Agee B wrote:Sturges was the first dedicated screenwriter in the modern conception of the role to become a fully-credited director. (Silent-film screenwriting was and is quite different from sound screenwriting in its demands and importance.) .
Could you expand on that a bit? I mean that seriously & without any facetiousness. I'm particularly interested in your take on the differences between the "modern conception of the role" (and it's predecessor, to arrive at the differences)-- and your take on how different were the 'demands and importance' of silent-film screenwriting.

I ask because certainly you take a guy like Carl Mayer who was a dedicated screenwriter in the perhaps the purest sense of the role (script after script after script and never a moment before the camera as an actor and no other form of writing left behind, not even a novel.

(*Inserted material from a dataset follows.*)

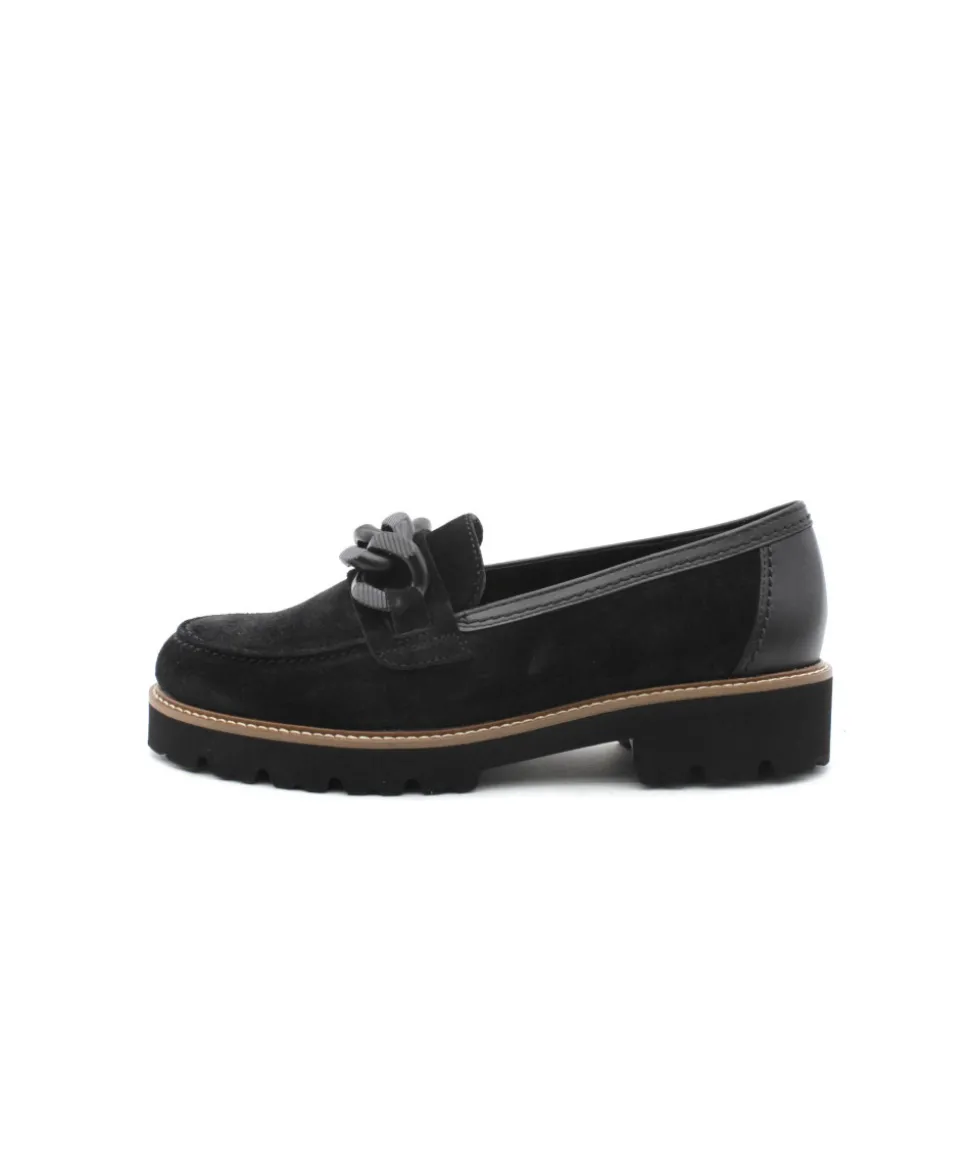 À la recherche d’un mocassin atypique, une couleur indémodable qui pourra facilement s’associer à vos tenues ? Ne cherchez plus… Voici le modèle 55.240.17 en cuir velours noir de la maison allemande GABOR. Un mocassin en cuir confortable, assis sur une semelle en gomme de 3 cm pour un amorti optimal. Féminine avec son bijou tendance, cette chaussure vous fera craquer tous les matins…

From CALIGARI to SUNRISE to PYGMILLIAN & his later sound work with Czinner & Asquith & docs like Mjor Barbara & The Fourth Estate, this guy was the consumate dedicated screenwriter in any conception of the role. This may be my own crazy personal view but take a look at all the masterpieces under the guy's belt. It's insane. And as for the utility & demands of sound vs silent screenwriting-- remember, that simply because the dialog was not heard by the audience, there were you understand still complete scripts of course . The actor's mouths were indeed Speaking Lines From A Full & Complete Script, and those scripts were written out and had to be learned by the actors. (That's why Title Writing was a completely different vocation paling in comparison to that of screenwriter). Yet on top of that the silent writer, owing to the visual demands of the medium, elucidated much of the visual aspect of the film as well, on top of the "script". Read Mayer's scripts for example: complete mise en scene of the actors.. camera moves, superimpositions/double exposures, mood & lighting. Very very sophisticated stuff loaded with utilities not required of screenwriters today.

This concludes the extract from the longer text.